Matrix Science - Help - Sequence Database Setup

Sequence Database Setup: UniRef

This is a Predefined Database Definition

The information on this page is maintained as a service to users of Mascot 2.3 and earlier. In Mascot 2.4, UniRef100 is a predefined database, meaning up-to-date configuration information can be downloaded automatically by Mascot Database Manager.

Overview

UniRef, also known as UniProt NREF, is a set of comprehensive protein databases curated by the Universal Protein Resource consortium. There are three versions of UniRef: UniRef100, UniRef90, and UniRef50. UniRef100 is non-identical, while UniRef90 and UniRef50 are non-redundant at a sequence similarity level of 90% and 50% respectively. Searching with mass spectrometry data requires the exact sequence to be present in the database, so UniRef100 is the version to choose.

Download

PIR: ftp://ftp.uniprot.org/pub/databases/uniprot/uniref/uniref100/
EBI: ftp://ftp.ebi.ac.uk/pub/databases/uniprot/uniref/uniref100/
Expasy: ftp://ftp.uniprot.org/pub/databases/uniprot/current_release/uniref/uniref100/

The files are:

Version info: uniref100.release_note
Fasta file: uniref100.fasta.gz

Note that the XML file, uniref100.xml.gz, contains essentially the same information as the Fasta file. It is not a full text reference file.

To download SwissProt updates automatically in Mascot 2.3 and earlier, the relevant definition block in db_update.pl is UniRef100_Fasta_from_EBI.

Taxonomy

If you have Mascot 2.0 or earlier, add the following taxonomy definition to mascot.dat, changing the taxonomy block number so as to be consecutive with the existing blocks. If you have Mascot 2.1 or 2.2, you will need to update the existing taxonomy definition, because the database curators recently made changes to the fasta title syntax. Make a backup copy of mascot.dat, then use a text editor to make these changes. Note that the file must be saved as plain text, so be careful if using a word processor, and ensure the filename is not changed to mascot.dat.txt or something.

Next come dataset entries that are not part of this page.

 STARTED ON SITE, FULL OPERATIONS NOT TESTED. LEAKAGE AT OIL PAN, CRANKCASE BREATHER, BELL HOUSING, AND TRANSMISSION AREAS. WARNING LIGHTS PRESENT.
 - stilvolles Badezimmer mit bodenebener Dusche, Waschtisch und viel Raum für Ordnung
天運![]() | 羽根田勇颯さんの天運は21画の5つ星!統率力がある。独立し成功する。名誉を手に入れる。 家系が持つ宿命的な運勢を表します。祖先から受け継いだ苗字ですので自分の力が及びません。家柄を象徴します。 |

# TAXONOMY FOR UniRef Taxonomy_12 Identifier UniRef Fasta Enabled 1 # 0 to disable it FromRefFile 0 ErrorLevel 0 SpeciesFiles NCBI:names.dmp NodesFiles NCBI:nodes.dmp DefaultRule NCBI, CHOP:W "Tax=\(.*\) RepID=" # from release 14.0 onwards end

The following taxonomy file is required:
ftp://ftp.ncbi.nih.gov/pub/taxonomy/taxdump.tar.gz

Remember that the taxonomy files go into the taxonomy directory, not into the sequence database directory. Also, these files need to be unpacked (using tar) as well as uncompressed.

Parse Rules

A typical UniRef Fasta title line is:

>UniRef100_Q4U9M9 104 kDa microneme/rhoptry antigen n=1 Tax=Theileria annulata RepID=104K_THEAN

The literal text, UniRef100_, should be dropped from the accession string, to make linking easier.

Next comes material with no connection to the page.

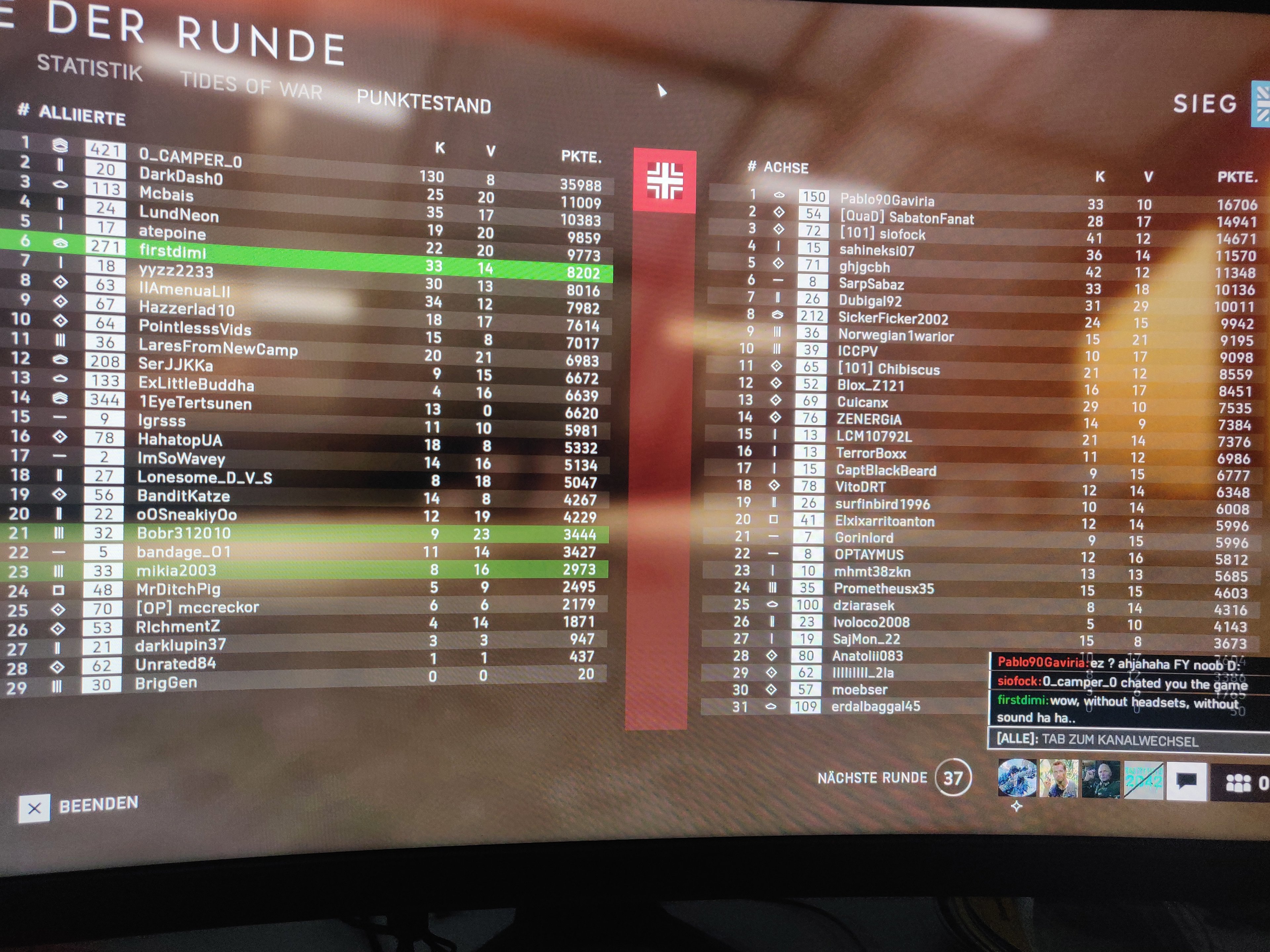 Warte auf'm neuen Monitor ( ein geiles Teil) und um den Postbote hören zu können habe ich eine runde taub, ohne Headsets und Sound gespielt und...wir haben mit 4:0 gewonnen 🤦

Accession from Fasta title: ">UniRef100_\([^ ]*\)"
Description from Fasta title: ">[^ ]* \(.*\)"

Configuration (Mascot 2.3 and earlier)

For this example, the fasta file was downloaded to C:\Inetpub\MASCOT\sequence\uniref100\current, decompressed using Gzip, and renamed to uniref100_9.6.fasta. Note that the rule numbers in your copy of mascot.dat may differ from those in the screen shot

Mascot database maintenance utility

There isn't a downloadable reference file for UniRef, but full text for individual entries can be retrieved across the web from the EBI SRS server. For an SRS7 server, the syntax for the Path field is:

HTML: /srsbin/cgi-bin/wgetz?-e+[UNIREF100:UniRef100_#ACCESSION#] (test)
Plain text: /srsbin/cgi-bin/wgetz?-e+[UNIREF100:UniRef100_#ACCESSION#]+-vn+2 (test)

If you don't require full text in a Mascot Protein View report, simply leave the Host, Port, and Path fields blank and choose
--- no full text report ---
in the drop down list.

Always test a new definition before applying the changes to mascot.dat.